The issue is even more pronounced for children, who are at the lowest risk from COVID while suffering the most from forced masking.

Last summer, a team of researchers with Johns Hopkins School of Medicine “analyze[d] approximately 48,000 children under 18 diagnosed with Covid in health-insurance data from April to August 2020,” and found a “mortality rate of zero among children without a pre-existing medical condition such as leukemia.” The lead researcher, Dr. Marty Makary, accused the CDC of basing its advocacy of school COVID vaccination on “flimsy data.”

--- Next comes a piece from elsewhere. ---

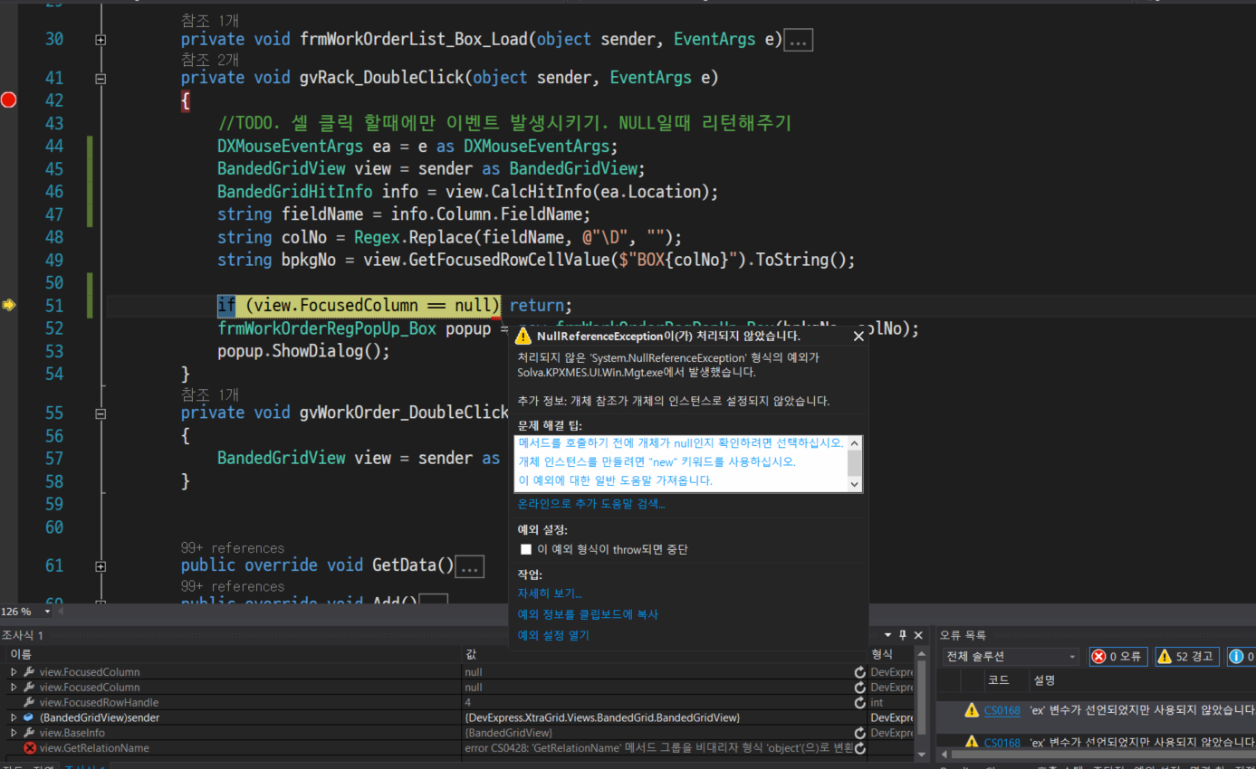 그나저나, 화면에서는 view가 null이어서 참조 오류가 발생하는 것 같은데, 그렇다면 if 문을 넣은 경우 "아예 이벤트 발생이 되지" 않는 것이 아니라 언제나 오류가 발생할 텐데요. 원하는 기능으로 동작하는 것에 상관없이 해당 코드는 if (view != null && view.FocusedColumn == null)과 같은 식으로 작성해야 합니다.

By contrast, the “potential educational harms of mandatory-masking policies are much more firmly established, at least at this point, than their possible benefits in stopping the spread of COVID-19 in schools,” University of California-San Francisco epidemiologist professor Vinay Prasad wrote in September. “Early childhood is a crucial period when humans develop cultural, language, and social skills, including the ability to detect emotion on other people’s faces. Social interactions with friends, parents, and caregivers are integral to fostering children’s growth and well-being.”

Even White House COVID czar Dr. Anthony Fauci, who has campaigned for injecting children, admitted in January that children’s risk of COVID has been exaggerated by misleading numbers.

“The other important thing is that if you look at the children who are hospitalized, many of them are hospitalized with COVID, as opposed to because of COVID,” Fauci told MSNBC. “What we mean by that: If a child goes to the hospital, they automatically get tested for COVID, and they get counted as a COVID hospitalized individual. When in fact, they may go in for a broken leg, or appendicitis, or something like that. So it is over-counting the number of children who are are [sic] ‘hospitalized with COVID’ as opposed to because of COVID.”

Nevertheless, New York City appears less willing than other Democrats to acquiesce to disaffected voters. While the city is dropping its vaccine mandate for indoor businesses, it will continue to require the shots for city employees, more than 1,400 of whom have already been terminated.